The settlement must be agreed to by the boards of the Ohio Public Employees Retirement System, the State Teachers Retirement System of Ohio, the Ohio Police and Fire Pension Fund and ultimately the U.S. District Court in New York, Cordray’s office said.
The lawsuit against AIG, its executives and related companies involve charges of anti-competitive practices, including bid-ridding and accounting fraud.

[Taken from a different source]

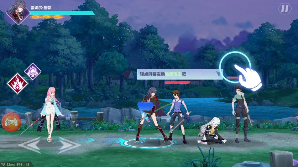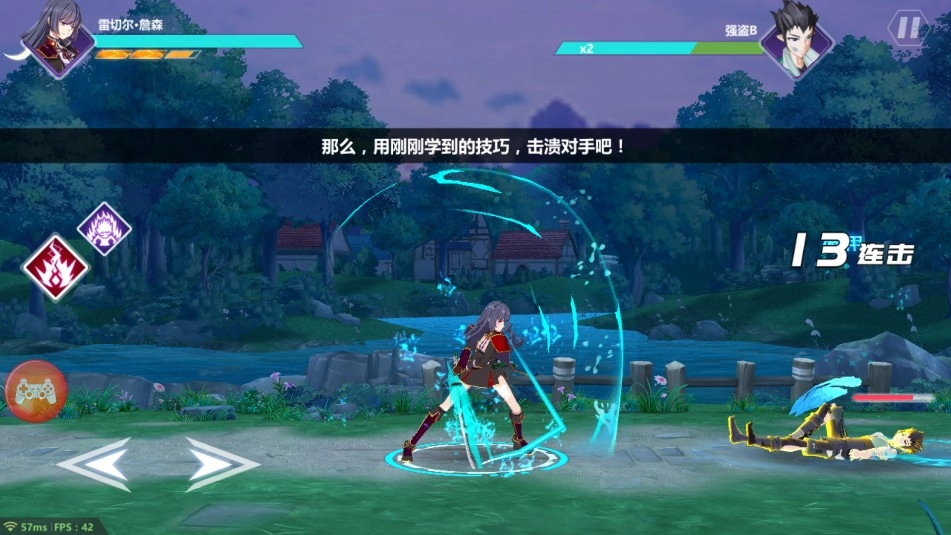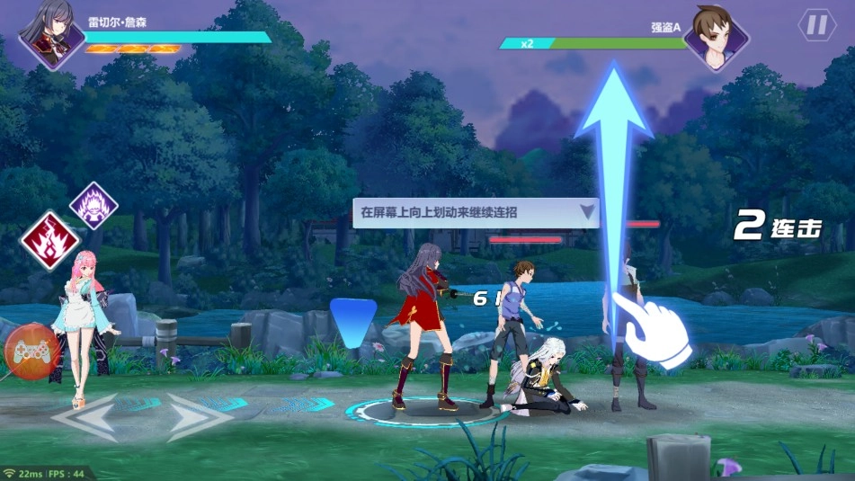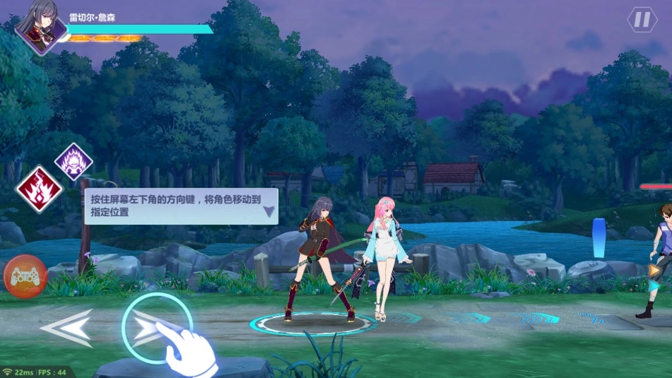 6、进入到战斗页面,按住屏幕左下方的方向键,控制角色移动到指定位置;

The three pension funds are the lead plaintiffs in the class action lawsuit on behalf of investors who claim they were wronged by AIG and the others, Cordray’s office said.

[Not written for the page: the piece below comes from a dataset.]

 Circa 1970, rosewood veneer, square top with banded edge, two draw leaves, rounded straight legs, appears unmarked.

Other defendants involved in the settlement included: former AIG executives Howard I. Smith, Christian M. Milton and Michael J. Castelli, C.V. Starr & Co., Inc. and Starr International Co., Inc., the press release said.
The case started in 2004. Cordray said he now will focus on preparing for trial against the primary defendant, AIG.
There previously were two other multimillion dollar agreements negotiated in the case.
There was a $97.5 million settlement with PricewaterhouseCoopersLLP and a $72 million settlement with General Reinsurance Corporation, the press release said.
Cordray faulted AIG.
“... AIG itself has so far refused to do right by investors who were wronged,” he said in the release.
“This is completely unacceptable in light of AIG’s request to receive hundred of millions of dollars in bonus compensation, underwritten by taxpayers due to a federal bailout cause by AIG’s poor business decisions and the financial crises.”
Cordray has said total losses to all investors in the class action suit, including the pension funds, could reach billions of dollars. The lawsuit seeks damages from investors who bought AIG securities between Oct. 28, 1999 and April 1, 2005, the release said.